___ Supplied data
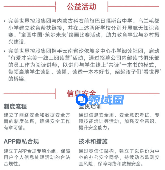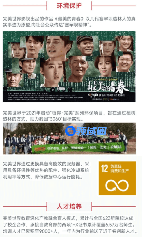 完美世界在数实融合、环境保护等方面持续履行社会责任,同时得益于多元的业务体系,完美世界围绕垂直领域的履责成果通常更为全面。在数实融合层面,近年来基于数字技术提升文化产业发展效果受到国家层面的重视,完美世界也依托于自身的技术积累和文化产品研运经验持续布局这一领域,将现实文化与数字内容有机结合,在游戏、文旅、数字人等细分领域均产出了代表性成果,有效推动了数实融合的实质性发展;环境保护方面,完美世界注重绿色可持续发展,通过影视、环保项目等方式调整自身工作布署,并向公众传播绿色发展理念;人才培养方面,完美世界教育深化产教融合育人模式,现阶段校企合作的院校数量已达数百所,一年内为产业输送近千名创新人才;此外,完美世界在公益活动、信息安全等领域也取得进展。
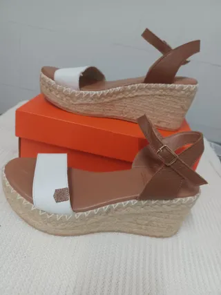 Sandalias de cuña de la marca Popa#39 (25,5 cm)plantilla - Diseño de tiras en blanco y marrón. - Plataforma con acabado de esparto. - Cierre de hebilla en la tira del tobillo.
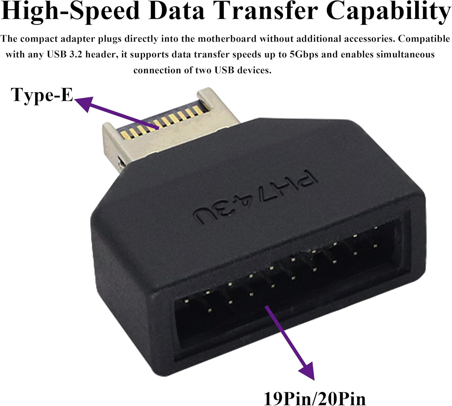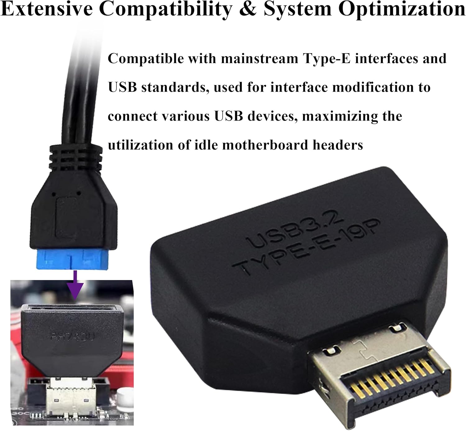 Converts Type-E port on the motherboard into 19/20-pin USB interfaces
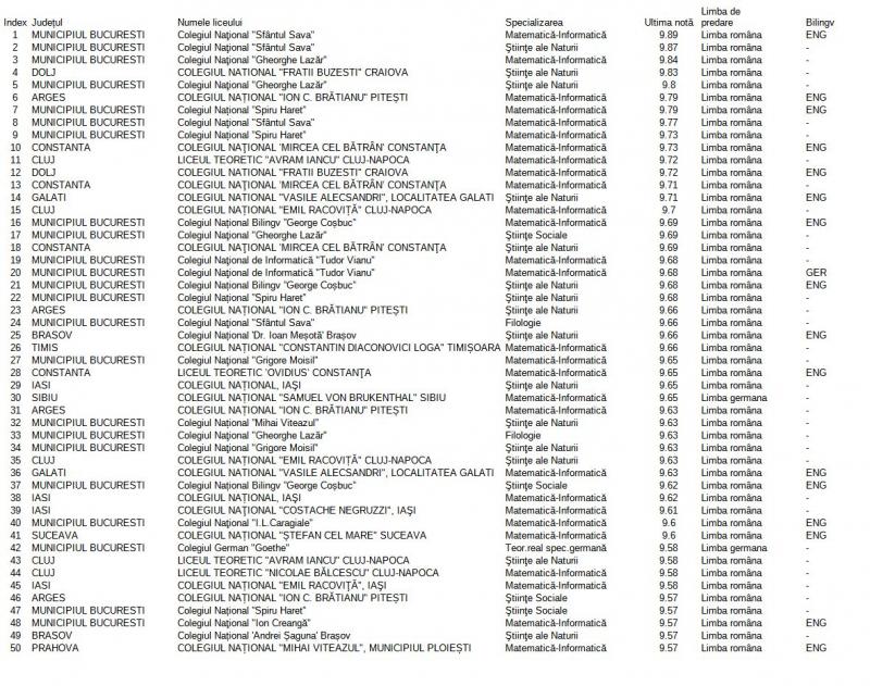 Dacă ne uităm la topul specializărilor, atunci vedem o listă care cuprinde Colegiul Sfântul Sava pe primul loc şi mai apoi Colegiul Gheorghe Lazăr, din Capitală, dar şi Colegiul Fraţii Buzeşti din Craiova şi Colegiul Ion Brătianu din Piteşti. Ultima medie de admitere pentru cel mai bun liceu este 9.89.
______
> [Assignment]
Each line above should be returned exactly as written, apart from any pictures.

> [Task answer]
 完美世界在数实融合、环境保护等方面持续履行社会责任,同时得益于多元的业务体系,完美世界围绕垂直领域的履责成果通常更为全面。在数实融合层面,近年来基于数字技术提升文化产业发展效果受到国家层面的重视,完美世界也依托于自身的技术积累和文化产品研运经验持续布局这一领域,将现实文化与数字内容有机结合,在游戏、文旅、数字人等细分领域均产出了代表性成果,有效推动了数实融合的实质性发展;环境保护方面,完美世界注重绿色可持续发展,通过影视、环保项目等方式调整自身工作布署,并向公众传播绿色发展理念;人才培养方面,完美世界教育深化产教融合育人模式,现阶段校企合作的院校数量已达数百所,一年内为产业输送近千名创新人才;此外,完美世界在公益活动、信息安全等领域也取得进展。
 Sandalias de cuña de la marca Popa#39 (25,5 cm)plantilla - Diseño de tiras en blanco y marrón. - Plataforma con acabado de esparto. - Cierre de hebilla en la tira del tobillo.
 Converts Type-E port on the motherboard into 19/20-pin USB interfaces
 Dacă ne uităm la topul specializărilor, atunci vedem o listă care cuprinde Colegiul Sfântul Sava pe primul loc şi mai apoi Colegiul Gheorghe Lazăr, din Capitală, dar şi Colegiul Fraţii Buzeşti din Craiova şi Colegiul Ion Brătianu din Piteşti. Ultima medie de admitere pentru cel mai bun liceu este 9.89.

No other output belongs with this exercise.